New Well, I expected . . .
. . and was preparing to be, a stingy, penny pinching, disgruntled old man, (You kids get off my lawn!), and working until the end - but the fates conspired against me.

Besides, I don't even have a lawn, and my neighborhood no longer has kids.

Now I am seriously conflicted. My lifelong frugal self keeps admonishing me that I'm spending money like a drunken sailor, but somehow there is always more. Of course for me, "spending like a drunken sailor" is still pretty frugal.

That's why women have always ignored me. I display no outward evidence of having money, and particularly no propensity for spending it unwisely.

I still have a few clients left who won't let me go, so I'm still "working", but it's more a hobby than really working.

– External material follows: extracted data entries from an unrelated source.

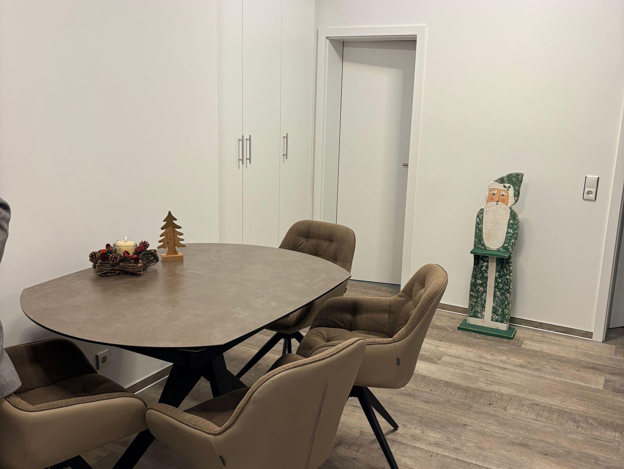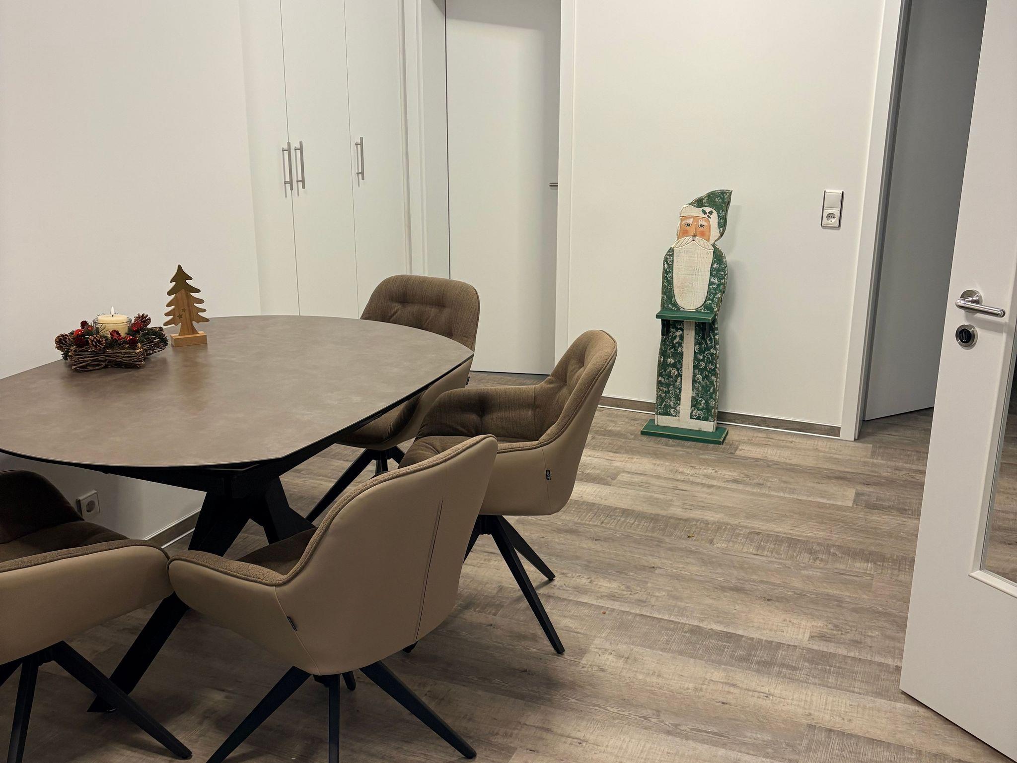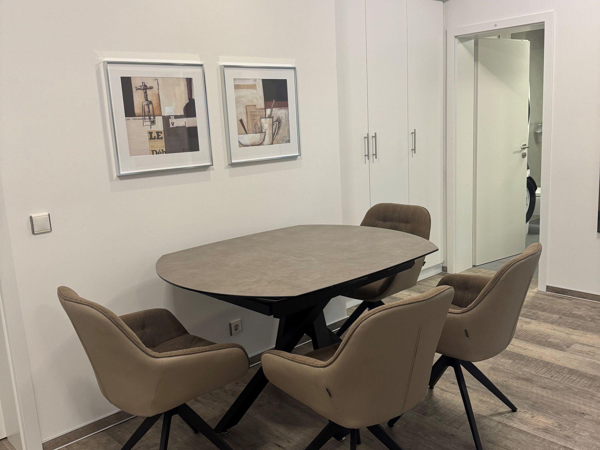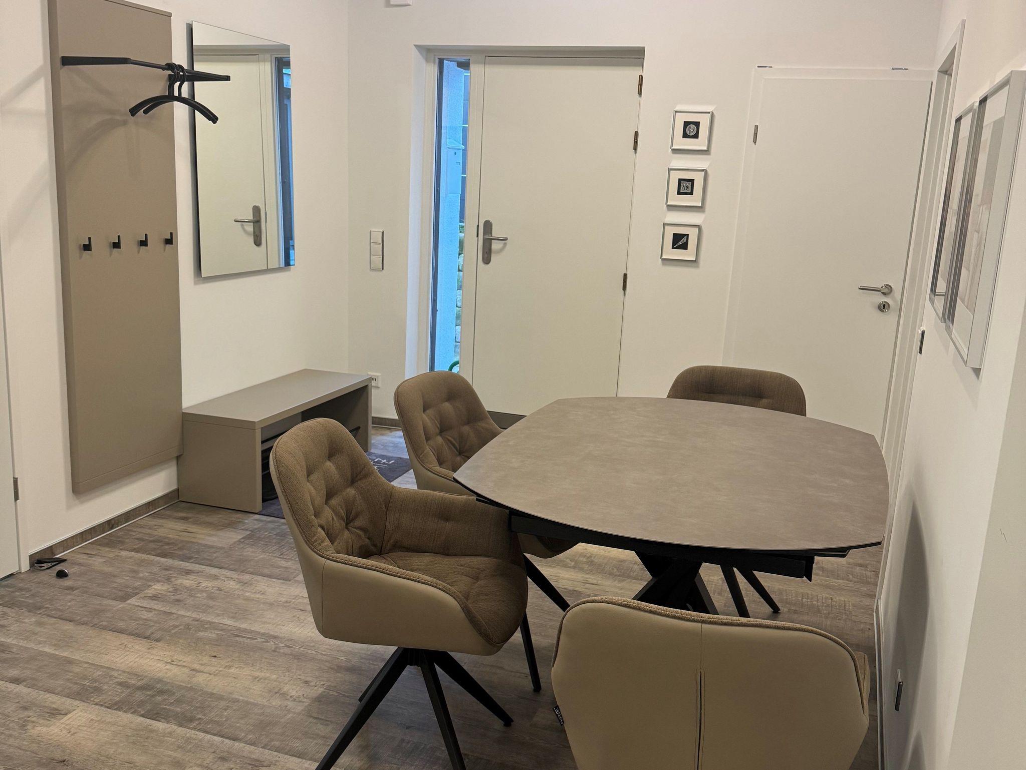 Im lichtdurchfluteten Flur variabler Esstisch mit bequemen Stühlen und guter Arbeitsmöglichkeit bei kostenlosem WLAN mit Glasfaser-Anschluß.
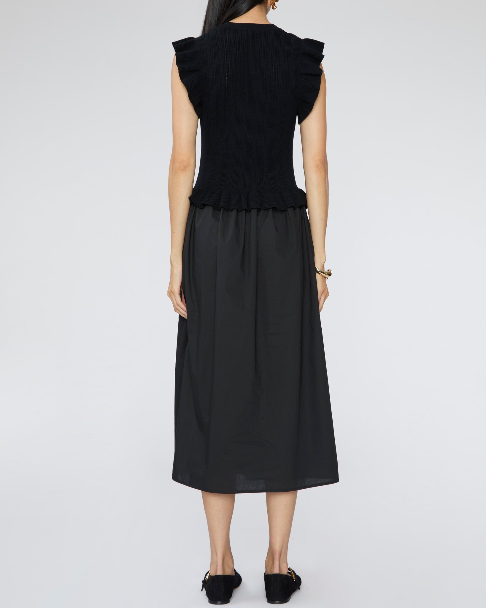 Sweet knit bodice meets a full, swishy skirt for a silhouette that’s equal parts structured and romantic. The fitted top defines your waist while the voluminous skirt gives that effortless hourglass shape. It’s one of those dresses that lets your feminine confidence shine.
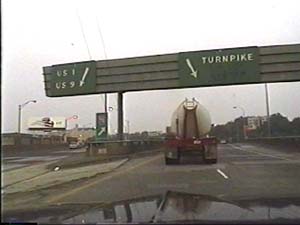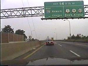 | This is the New Jersey Turnpike Newark Bay Extention, I-78 west, at exit 14A(Bayonne) in Jersey City. Filmed July 3, 1999. |
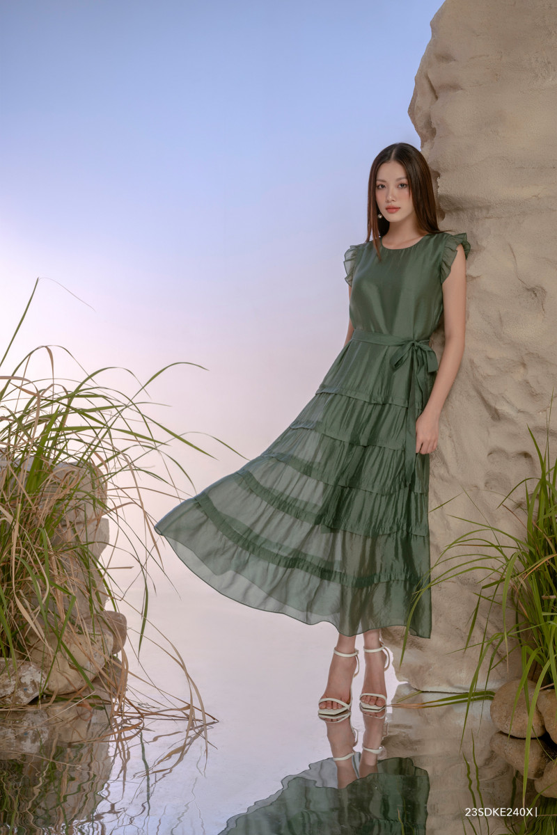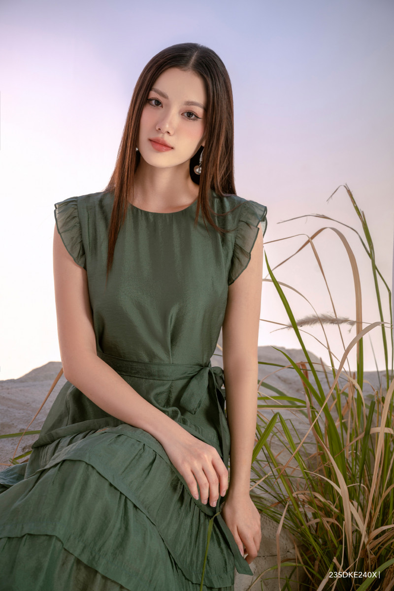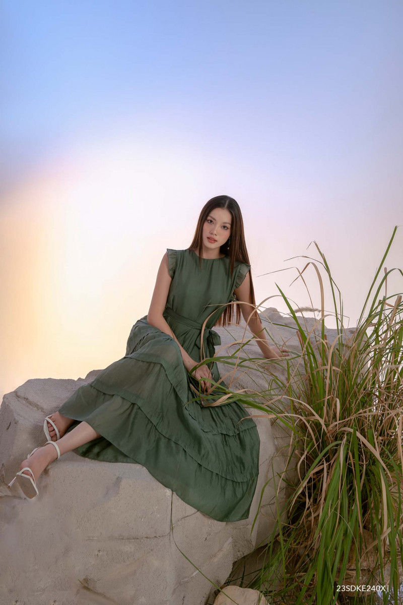 Đầm dài, gam màu xanh dịu mắt, phần thân váy xếp tầng tạo điểm nhấn
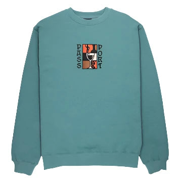 Pass~Port Dine Em' crewneck in washed out teal is apart of range #42. The Pass~Port jumper is made from a cotton polyester blend and features a embroidered graphic on front which is finished in the classic Pass~Port sweater fit.
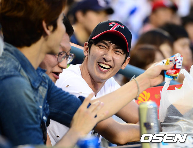 8일 오후 서울 잠실구장에서 열린 2014 한국야쿠르트 세븐 프로야구 LG 트윈스와 두산 베어스 경기, 동방신기 멤버 최강창민과 야구장을 찾은 트랙스 멤버 정모가 미소짓고 있다.
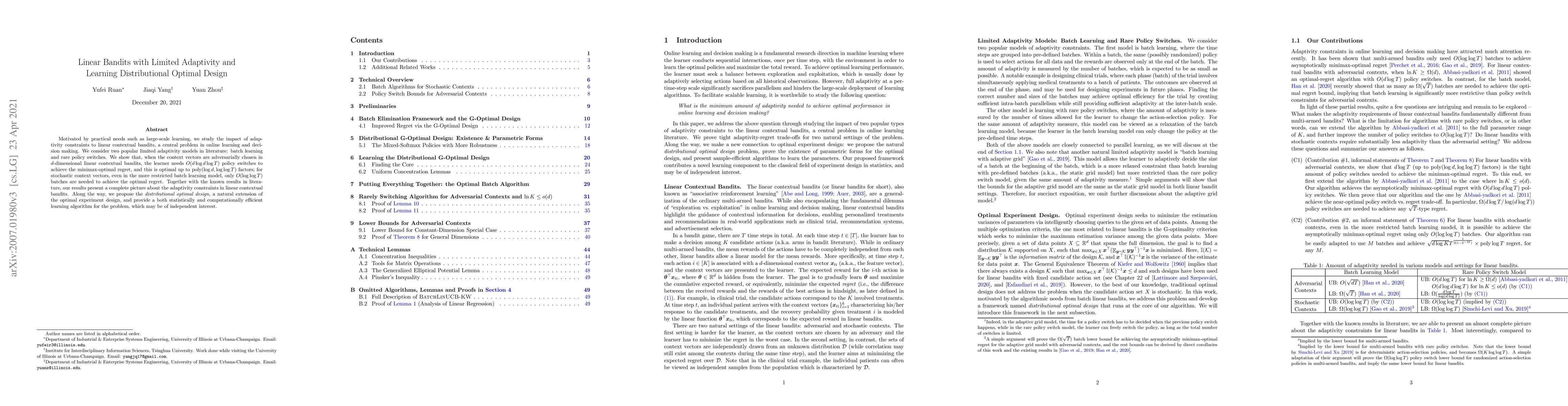This paper investigates the impact of adaptivity constraints on linear contextual bandits, showing that limited adaptivity models like batch learning and rare policy switches are optimal for achieving minimax-optimal regret under adversarial and stochastic context vectors. It also introduces a distributional optimal design and an efficient learning algorithm.
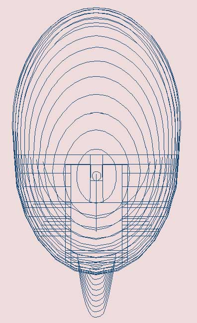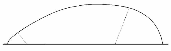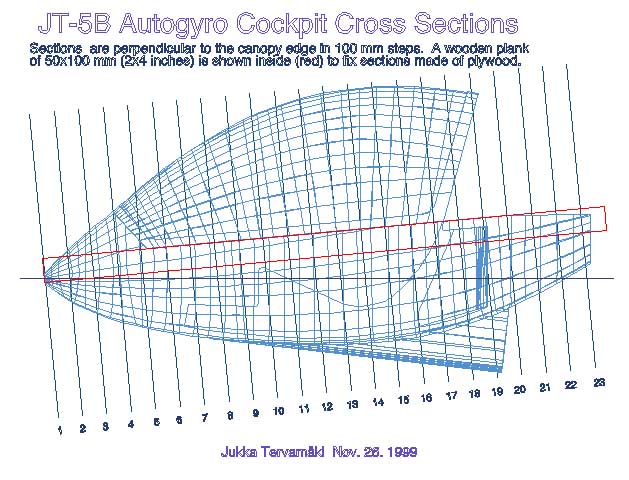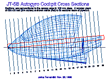 Free blowing of plexiglass sheet gives a different shape than shown on these cross sections. The blown sections will be perfect arcs (part of a circle, not an ellipse). The original JT-5 canopy had a round cross section in the middle but I bent (forced) the free rear end into an elliptical shape when bonding to the canopy frame. This gave a better air flow into the engine cooling inlets behind the canopy. The pictures below give a fairly good idea of the canopy and pod cross sections (and me too!)
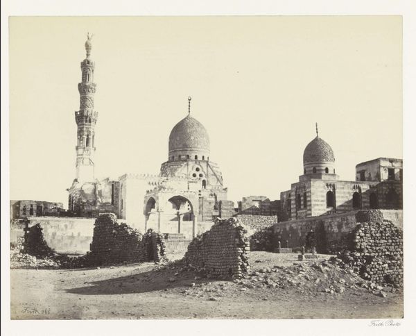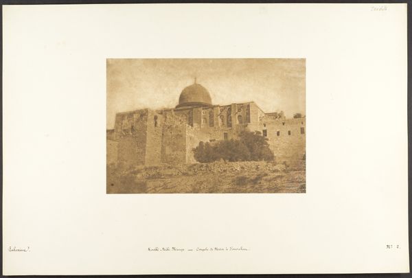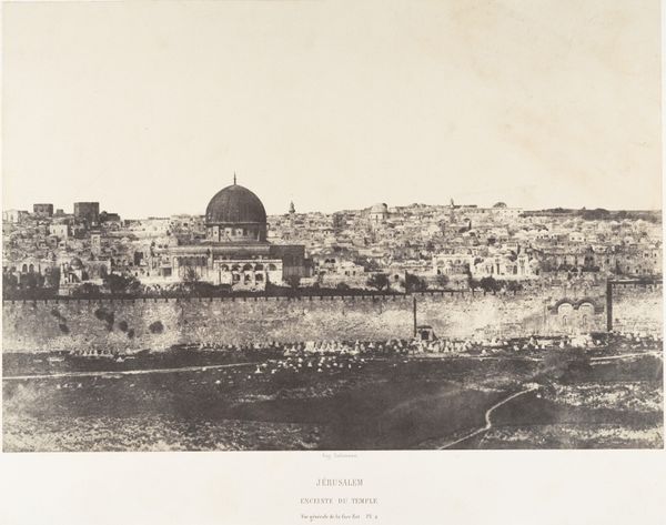 Editor: So, this is Auguste Salzmann’s photograph, "Jerusalem, Saint-Sépulcre, Vue Générale, 1," taken between 1854 and 1859. It’s a daguerreotype, giving it this incredible, almost ghostly level of detail. It feels incredibly…stark, almost severe. What do you see in this piece? Curator: Beyond the surface, this image echoes a visual language deeply rooted in religious symbolism. The Church of the Holy Sepulchre itself, captured here, stands as a powerful nexus – representing both the crucifixion and resurrection. Salzmann, I think, understood the inherent symbolic weight of Jerusalem itself. Don’t you find it interesting that he chose this particular vantage point? Editor: You mean how it emphasizes the architecture and almost dwarfs the figures outside the wall? Curator: Exactly. The architecture becomes a symbol in itself – of enduring faith and resilience through centuries of conflict. Note the contrast between the solidity of the stone and the ephemeral nature of the figures. Does that tell us something about the photographer’s intent? Perhaps to show faith's power over mortality? Editor: I hadn’t thought about it like that. The figures almost seem incidental, yet their presence anchors the photograph to a specific moment in time. Curator: And that’s precisely the tension at play here, isn't it? It invites contemplation about permanence versus the transient. Considering the rise of photography during this era, the very act of capturing this image became a statement about preserving history, memory, and belief for the future. Editor: It's fascinating how much depth a single photograph can hold, and how viewing it through the lens of symbolism unlocks those deeper meanings. Thank you for sharing your insights. Curator: It's been my pleasure. Looking at art together helps us both notice what the artwork whispers to us, something easily missed on our own.
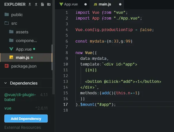 现在我们分别使用 Vue 两种不同版本的构建工具实现一个点击按钮数字加一的功能,来具体看一下两种版本的实现方式:
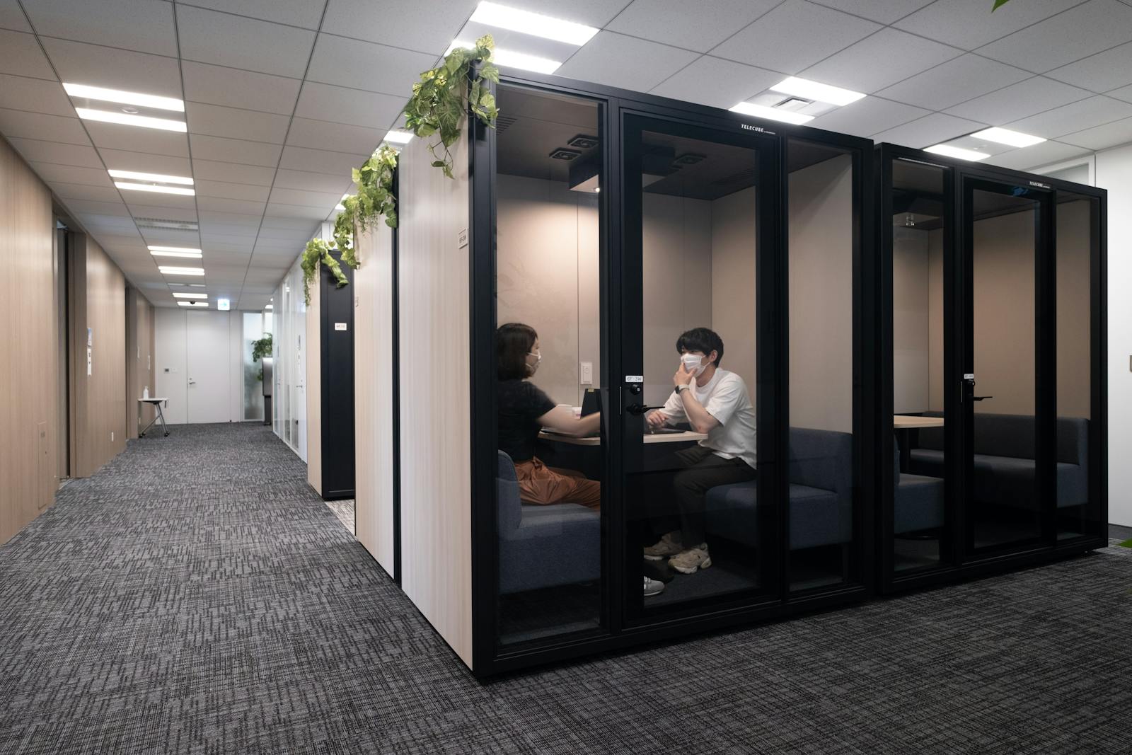 面談は少人数で行うのが一般的なため、それほど大きなスペースは必要ありません。ただし、仕事上の困りごとを聞くこともあるため、プライバシーを確保できるような個室が望ましいでしょう。最近では、大掛かりな設備工事を必要としないフルクローズ型ワークブースを設置する会社も増えてきています。
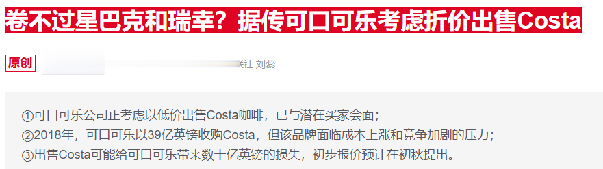 2018年,可口可乐以39亿英镑从Whitbread手中收购了Costa。但此后,该部门在与独立咖啡店以及Greggs等对手的竞争中表现不佳。
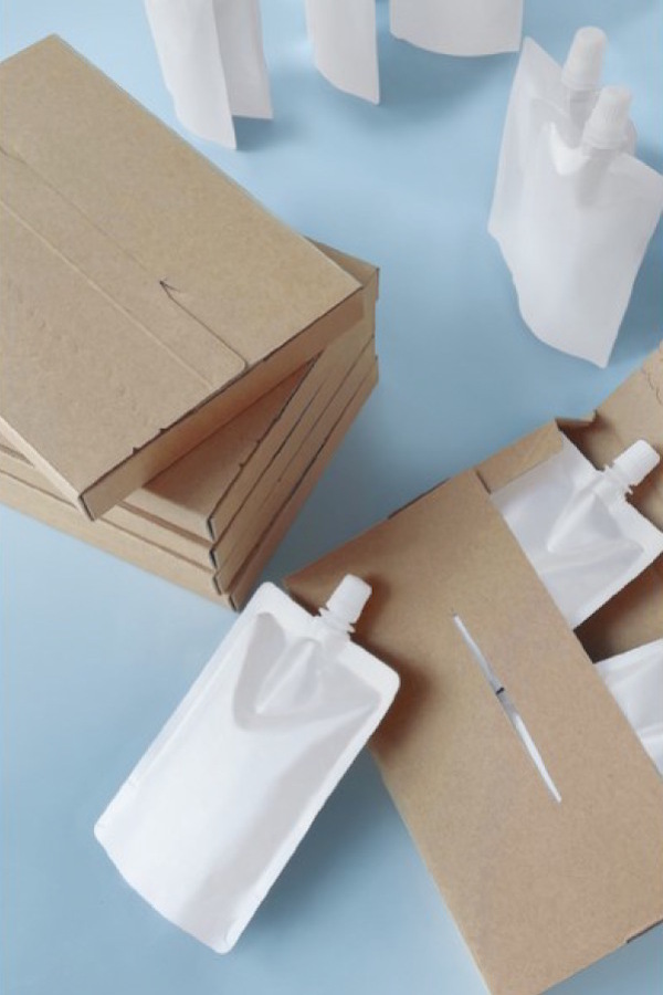 ○白色印刷のセンタースパウト付きスタンド袋です。
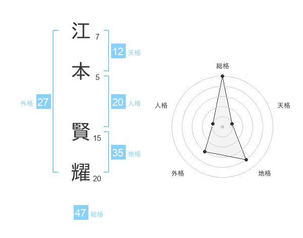 江本 賢耀さんを姓名の画数から五運を鑑定
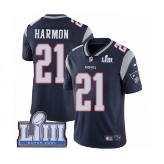>Youth Nike New England Patriots #21 Duron Harmon Navy Blue Team Color Vapor Untouchable Limited Player Super Bowl LIII Bound NFL Jersey

I tend a few very antique systems and software. I had to give one client a little attention this month. They are managing their machine shop with DOS software they've been using for maybe 30 years, or even more. Their server failed this month and I had to replace the power supply. I built that server 18 years ago, and it's run an early version Linux 24-7 with only about 24 hours downtime. My previous best was 12 years and still running when retired due to software change.

When I started my business (1984) much of my work was keeping obsolete systems functioning - DOS, SCO Xenix, Concurrent DOS, early network systems that even I have forgotten. This didn't work well for me then because clients associated me with the old system, so for a new system they went to someone else.

Oh Hell! I even had to work on an Apple 3. It ran Apple's "Sophisticated Operating System", abbreviated SOS, an amazingly appropriate designation.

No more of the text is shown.